◆ **Available records**:
↓↓↓
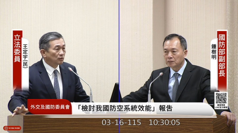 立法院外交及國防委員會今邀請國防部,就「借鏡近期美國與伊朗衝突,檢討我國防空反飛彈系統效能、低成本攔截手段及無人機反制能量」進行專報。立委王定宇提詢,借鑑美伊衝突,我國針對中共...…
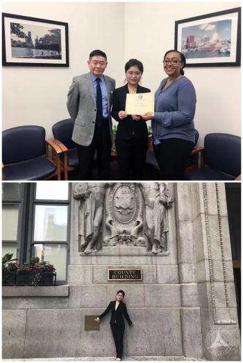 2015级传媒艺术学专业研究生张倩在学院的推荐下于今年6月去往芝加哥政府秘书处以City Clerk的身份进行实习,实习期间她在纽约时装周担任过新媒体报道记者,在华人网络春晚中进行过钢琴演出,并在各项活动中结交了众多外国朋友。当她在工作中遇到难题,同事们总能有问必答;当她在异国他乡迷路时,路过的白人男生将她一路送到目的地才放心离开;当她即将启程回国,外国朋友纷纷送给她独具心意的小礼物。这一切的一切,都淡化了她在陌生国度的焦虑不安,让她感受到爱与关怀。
↑↑↑
↓↓↓
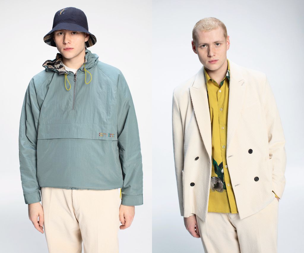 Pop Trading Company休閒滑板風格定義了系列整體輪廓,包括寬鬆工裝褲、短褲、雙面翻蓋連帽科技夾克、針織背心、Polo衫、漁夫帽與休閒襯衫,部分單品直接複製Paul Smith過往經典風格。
↑↑↑
◆ **What is expected**: Set down word for word the lines above from the one with "立法院外交及國防委員會今邀請" up to and including the one with "2015级传媒艺术学专业研究". Omit every picture.

◆ **Completed exercise**:
 立法院外交及國防委員會今邀請國防部,就「借鏡近期美國與伊朗衝突,檢討我國防空反飛彈系統效能、低成本攔截手段及無人機反制能量」進行專報。立委王定宇提詢,借鑑美伊衝突,我國針對中共...…
 2015级传媒艺术学专业研究生张倩在学院的推荐下于今年6月去往芝加哥政府秘书处以City Clerk的身份进行实习,实习期间她在纽约时装周担任过新媒体报道记者,在华人网络春晚中进行过钢琴演出,并在各项活动中结交了众多外国朋友。当她在工作中遇到难题,同事们总能有问必答;当她在异国他乡迷路时,路过的白人男生将她一路送到目的地才放心离开;当她即将启程回国,外国朋友纷纷送给她独具心意的小礼物。这一切的一切,都淡化了她在陌生国度的焦虑不安,让她感受到爱与关怀。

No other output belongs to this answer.